Source: Journal of applied Toxicology

Respiratory distress syndrome in patients with advanced cancer treated with pentoxifylline: a randomized study.


The inappropriate endogenous secretion of tumour necrosis factor (TNF) could play a role in the pathogenesis of acute respiratory distress syndrome (ARDS), one of the most frequent causes of death in cancer patients. Because of its capacity to inhibit TNF secretion in vitro, pentoxifylline (PTX) could be extremely useful in ARDS therapy. In this study 30 advanced cancer patients with ARDS were randomized to receive either the conventional care or conventional care plus PTX (100 mg i.v. twice a day for 7 days followed by an oral administration of 400 mg three times a day) to evaluate the efficacy of PTX in reducing TNF serum levels and in improving the symptoms of this syndrome. Serum levels of TNF were measured before and after 7 days of therapy.

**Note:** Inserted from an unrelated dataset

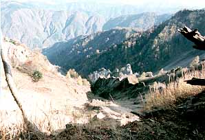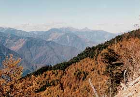 七面山は、登山口の角瀬から1670mの標高差があり、日帰りの山としては、相当にきつい部類に入りますが、今回は、梅ガ島温泉からの縦走と言うことで、標高差は少なくなります。駿河から甲州へという意識で、長大なイメージを持ってしまいがちなこのコースですが、静岡発梅ガ島行き1番バスに乗れればその日のうちに帰京可能なので、東京からだと夜行日帰りコースと言うことになります。もちろん、初日東京を遅く出て、温泉に漬かりながら2拍3日で歩くなどと言う大名登山もいいでしょう。(うらやましい(^^;)) 八紘嶺−七面山間は、南アルプスも見ながら、殆ど人に出会わず、その割に安心して、のんびり歩ける素晴らしい道です。 八紘嶺より笊ヶ岳方面。 七面山少し南の喜望峰より北岳方面。 七面山大ガレを上から覗く。 七面山大ガレより、富士川と富士山。▲項目索引▲ ◎トップページへ戻る◎ |

The percentage of patients alive at 7 days was significantly higher in the PTX-treated group than in the controls (12/15 versus 3/15; P < 0.001). The mean survival time was significantly higher in the PTX-treated group than in the controls. A clinical and/or radiological improvement was obtained in 11/15 patients treated with PTX and in only 2/15 patients in the conventional care group (P < 0.01). TNF mean levels significantly decrease in the PTX-treated group. These data confirm in vivo the capacity of PTX to inhibit TNF secretion in patients with ARDS. Moreover PTX therapy may improve the symptoms related to ARDS without particular toxic effects.